Goal of the exercise: Each line that includes "pendeteksi" must be copied from the records.
_____
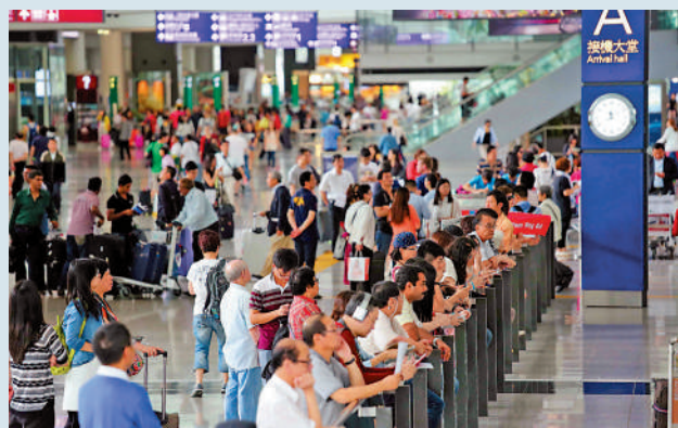
國泰10月直飛沙特首都利雅得之後，香港與「一帶一路」沿線國家的聯通、貿易及文化交流進一步加強。
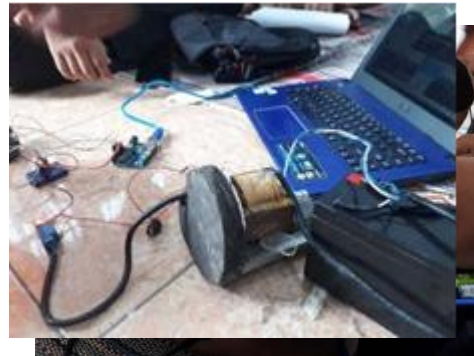
Gambar 3 Proses Pengecekan sensor pendeteksi air

Alat diambil dari lokasi awal. Kemudian tahap selanjutnya adalah pemeriksaan alat. Alat diperiksa dengan merekayasa seolah terjadi banjir dengan merendam bagian sensor ke dalam air. Alat mengalami kerusakan pada sensor pendeteksi banjirnya dengan tanda sirine pada alat tidak berbunyi. Sehingga perlu diadakan kegiatan reparasi dan pemrograman ulang alat pendeteksi banjir. Serta menambahkan beberapa komponen yang dapat mempermudah warga Desa Bogoharjo mengoperasikan alat tersebut, dengan menambahkan lampu indikator dan tombol saklar, sebagai tombol power Alat Pendeteksi Banjir.
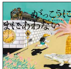
10月 がっこうにまにあわない ザ・キャビンカンパニー／作・絵 あかね書房 2022年 ¥1500

3階 かいだ 建ての7つのお部屋 へや の1日 いちにち が始 はじ まります。朝 あさ 、パン屋 や のおじさんはパンの準備 じゆん 、時計職 とけいしやくにん 人 にん のおじいさんはお散歩 さんぽ へ。まだ起 お きていない人もいます。朝 あさ 6時から翌 あす 朝 あさ 5時まで、時間 じかん ごとにみんなの1日 いちにち を見てみましょう。同じ1日 いちにち でもみんなそれぞれ。細 こま かい切り絵 かぎ なので見るたびに発見 はっけん がありそう。おまけのクイズもあります。
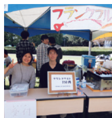
ボルダリング同好会
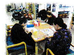
玩具・プリントプログラム
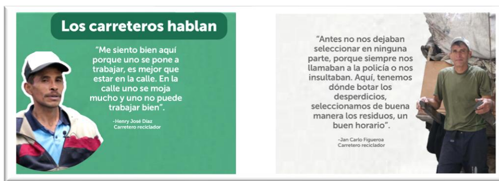
Ilustración 3. Carreteros

Además de tener un lugar para clasificar el material, los carreteros visitantes reciben la información de la oferta institucional del Distrito y son caracterizados por personal de la UAESP, tienen acceso a servicio de baños y reciben bebidas calientes para desarrollar su labor.
_____
Exercise response:
Gambar 3 Proses Pengecekan sensor pendeteksi air
Alat diambil dari lokasi awal. Kemudian tahap selanjutnya adalah pemeriksaan alat. Alat diperiksa dengan merekayasa seolah terjadi banjir dengan merendam bagian sensor ke dalam air. Alat mengalami kerusakan pada sensor pendeteksi banjirnya dengan tanda sirine pada alat tidak berbunyi. Sehingga perlu diadakan kegiatan reparasi dan pemrograman ulang alat pendeteksi banjir. Serta menambahkan beberapa komponen yang dapat mempermudah warga Desa Bogoharjo mengoperasikan alat tersebut, dengan menambahkan lampu indikator dan tombol saklar, sebagai tombol power Alat Pendeteksi Banjir.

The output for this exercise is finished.